SP: Not real enthused about looking at this next package if this entails additional dollars – beyond the $700 billion – and if it at all would suggest in this new proposal that these would be grants, not loans. And because Paulson just came out yesterday and again this morning kind of shifting gears on Americans in terms of what had just been proposed in the first bailout. It kind of lends to some distrust to the solution here that’s being proposed. So we all need more information on what exactly is it this time – the second bailout package that would evidently be very beneficial for manufacturing, for the auto industry. If that’s important we have to consider it. But no more surprises. I think the surprises make the electorate distrust elected officials and their ability to appoint people who are to be looking out for the public’s interest.

TWS: Given that reality…

SP: And the other Republican governors, too. I don’t hear a whole lot of them real enthused about the second idea.

TWS: Given the changes – and the fact that they’re suddenly shifting – do you have any regrets for supporting the initial bailout?

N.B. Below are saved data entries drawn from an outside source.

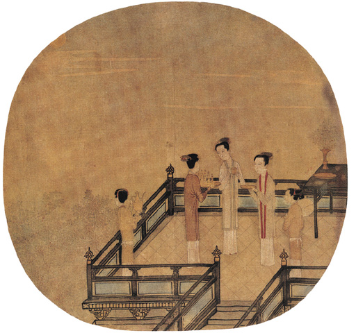 此图原载《四朝选藻册》(见《石渠宝笈续编》)。题刘宗古作。《画继》(卷七)云:“刘宗古,京师人。宣和间(1119—1125),以待诏官至成忠郎。乱离后,归江左。朝廷方寻访车辂式,而宗古进本称旨,除提举车辂院。其画人物,长于成染,不背粉,水墨轻成,但笔墨纤弱耳”。
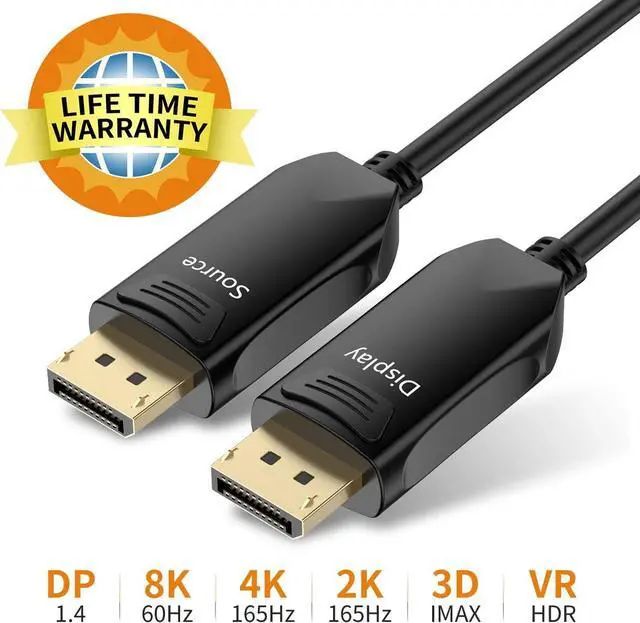 • ?Active DP 1.4 Fiber Optic Cable? This fiber dp cable is one-way transmission. "Source" plug for connecting DP source port, (blu-ray player, PC, ThinkPad, etc). "Display" Plug for connecting DP display device, (HDTV, monitor, projector etc). Plug and play.
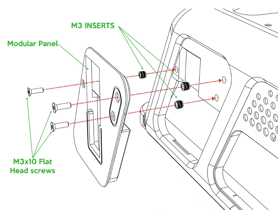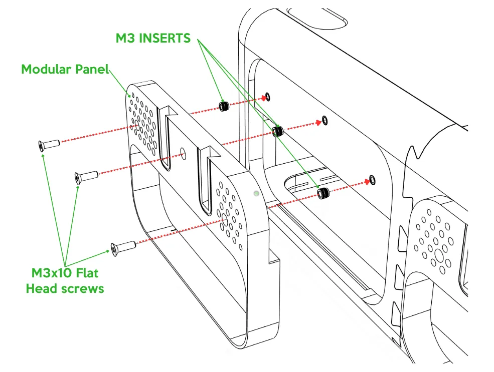 Secure each panel with 3× M3 × 10 mm flat-head screws.
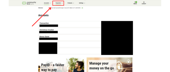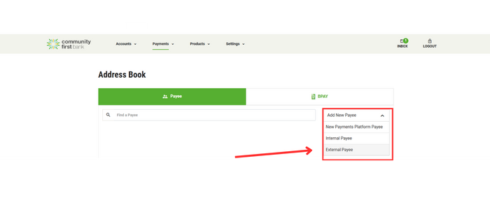 Select ‘Add New Payee‘ and find the option of which kind of payee you would like to add. If they are a Community First Member select ‘Internal Payee‘. If they are with another bank select ‘External Payee‘.
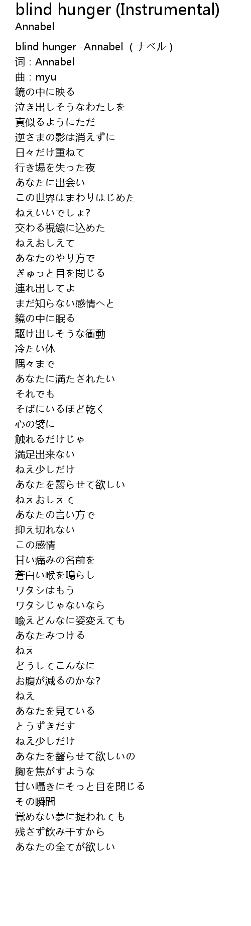 | [00:00.00] | blind hunger -Annabel (ナベル) |
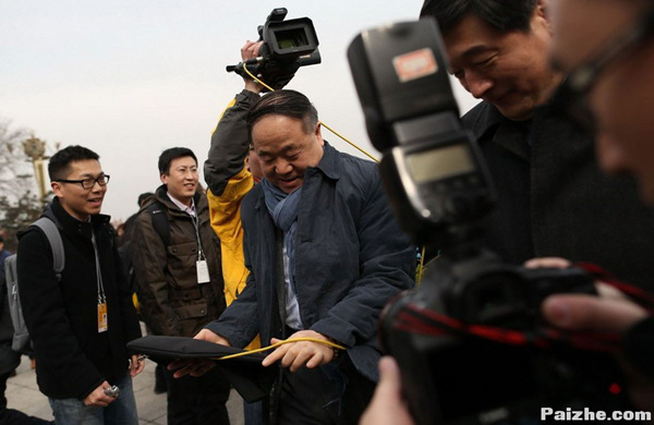 3月2日,北京,摄像机的线缠莫言身上,他一言不发,边走边解开线。
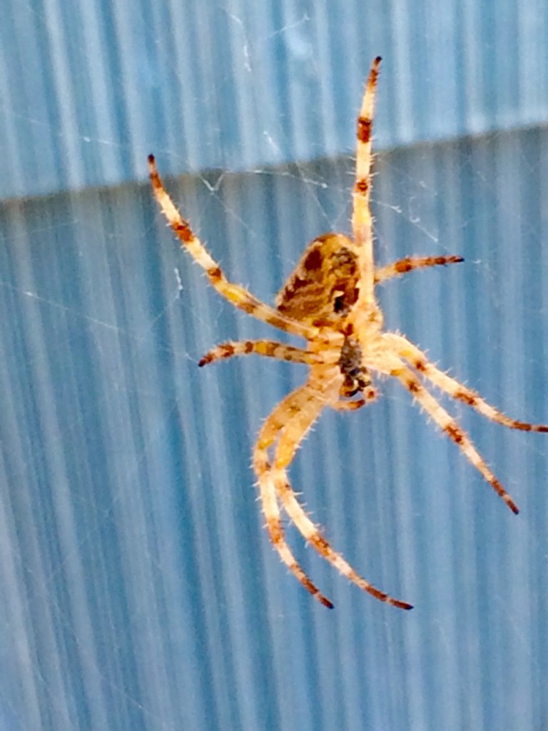 The only spiders I can get photos of around here are papal spiders,A. diademitus, here’s a few photos. Called that because it has a cross or popes hat on its back. I use to see really big ones but lately I mostly see a few small. One year I came across some newly hatched spiders
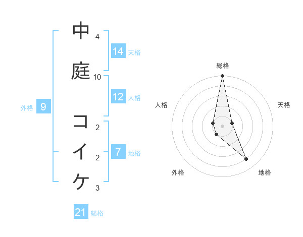 中庭 コイケさんの総格は21画の5点!
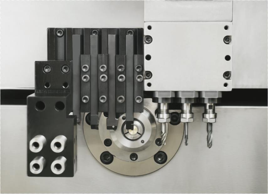 走心式數(shù)控車(chē)床,三軸均采用直線滾動(dòng)導(dǎo)軌,由絕對(duì)值伺服電機(jī)驅(qū)動(dòng),直線式排刀結(jié)構(gòu)具有快速換刀的特點(diǎn),數(shù)控系統(tǒng)功能完善,操控簡(jiǎn)易。根據(jù)零件加工需要,可選配側(cè)面動(dòng)力頭,實(shí)現(xiàn)鉆孔、銑削復(fù)合加工。配備自動(dòng)送料機(jī),可實(shí)現(xiàn)自動(dòng)化生產(chǎn)。
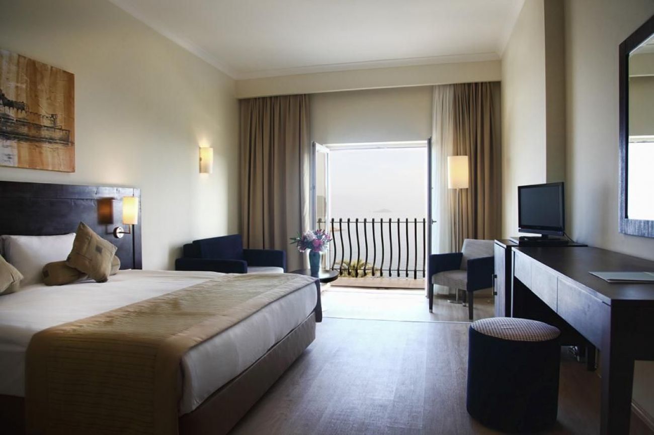 вана, сешоар, халат (във всеки suite), чехли (във всеки suite), електрическа кана, централен климатик, телевизор, телефон, мини-бар (безалкохолни напитки и бира се зареждат ежедневно, безплатно), сейф (безплатно), под - мокет (Main Building), теракот (Myndos Club), френски балкон, почистване на стаята ежедневно, смяна на спално бельо 3 пъти седмично, кабелен интернет (платено), room service (платен, 24 часа), turn down service (за всеки suite)
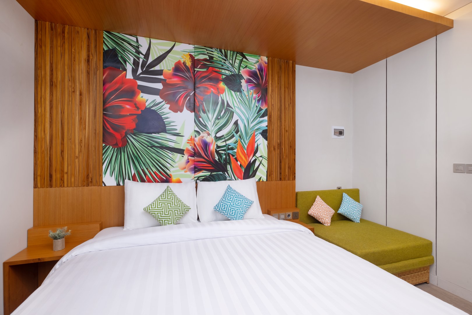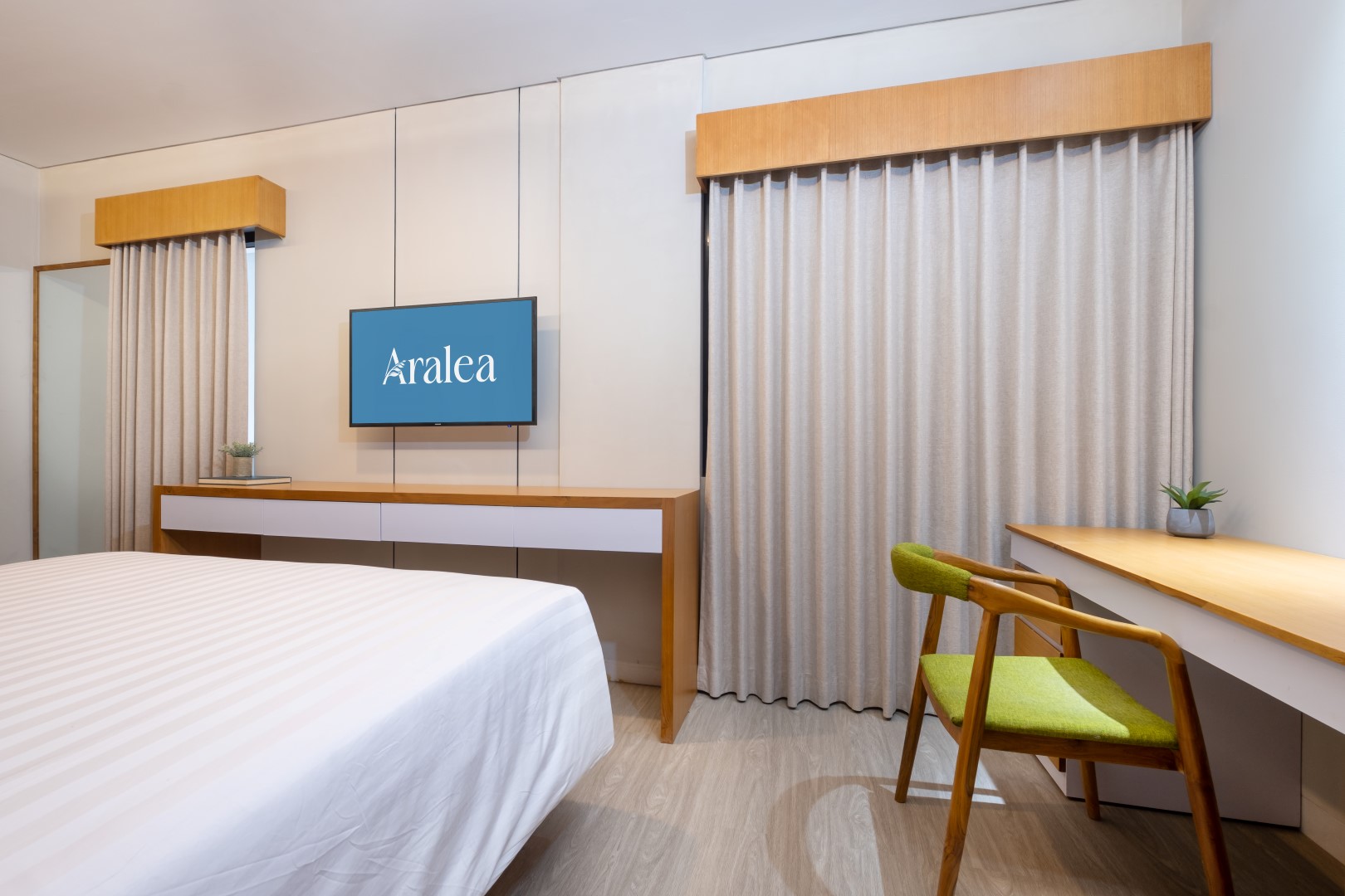 The private space of your own offered at affordable price. Superior room is mainly set up with double bed, writing desk, and enclosed bathroom with rain shower. Furniture neatly placed in the room are the shade of green, white, and brown, bringing peace to your vision.

SP: No, because I think that we had to do something there. And Bill Kristol and others up there were saying also there had to be action taken by the federal government to start shoring up some of the elements here of the economic collapse – especially in the housing market. But now, with talk of a second, a third, a fourth stimulus or bailout package that’s being considered right now without all of the details – and was suggested up there also, all three pages of the $700 billion bailout. Well, not regret for the action that was taken. But certainly Americans need to know what we’re talking about when we’re talking about these solutions that aren’t obviously solely based on free enterprise solutions. We need more information.

And we also need to get to the point where we’re not reacting in crisis mode but we can be proactive here. That entails of course greater oversight of the entities and the players involved in all this. But with this second bailout plan that would evidently exclusively assist one segment of the manufacturing industry we want to know – Americans want to know that there is accountability here also. And if there were poor management practices and actions taken by the corporations and companies themselves that led to this collapse – it shouldn’t be about a blank check handed to them as a reward for perhaps some poor judgment and poor decisions made. There’s got to be accountability, otherwise, you know, there’s going to be a line of entities, states, people with their hands out sayin’: ’I want some of that, too.’ And what about those who have been wise and made sound decisions based on the circumstances that they were in?